-- Problem details --
Copy out every line of the data exactly; do not include the images.

=== Exercise data ===

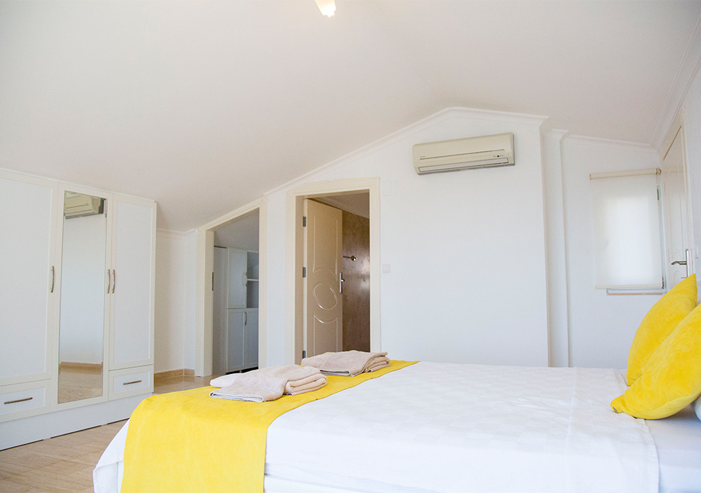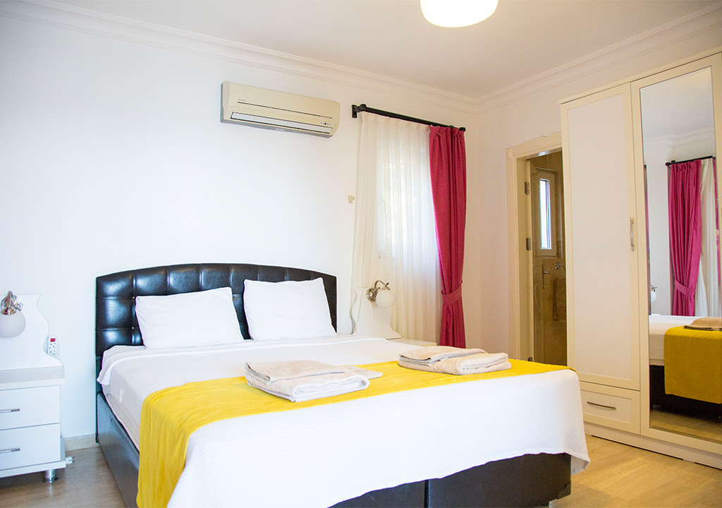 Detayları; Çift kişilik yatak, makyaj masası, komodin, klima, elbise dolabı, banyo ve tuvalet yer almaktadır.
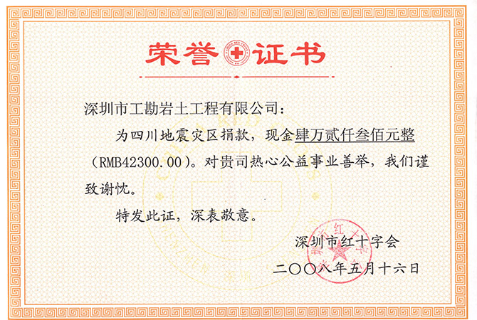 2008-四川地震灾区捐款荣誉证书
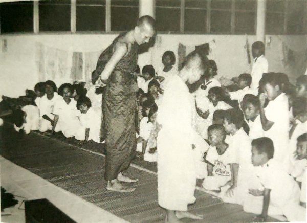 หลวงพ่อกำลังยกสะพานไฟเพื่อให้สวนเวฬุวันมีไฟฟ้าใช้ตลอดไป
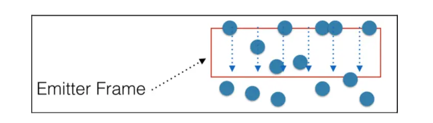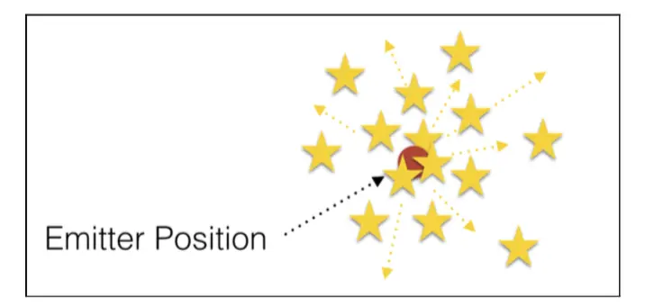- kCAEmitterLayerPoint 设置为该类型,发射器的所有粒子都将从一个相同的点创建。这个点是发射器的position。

===

-- Answer to this problem --
 Detayları; Çift kişilik yatak, makyaj masası, komodin, klima, elbise dolabı, banyo ve tuvalet yer almaktadır.
 2008-四川地震灾区捐款荣誉证书
 หลวงพ่อกำลังยกสะพานไฟเพื่อให้สวนเวฬุวันมีไฟฟ้าใช้ตลอดไป
- kCAEmitterLayerPoint 设置为该类型,发射器的所有粒子都将从一个相同的点创建。这个点是发射器的position。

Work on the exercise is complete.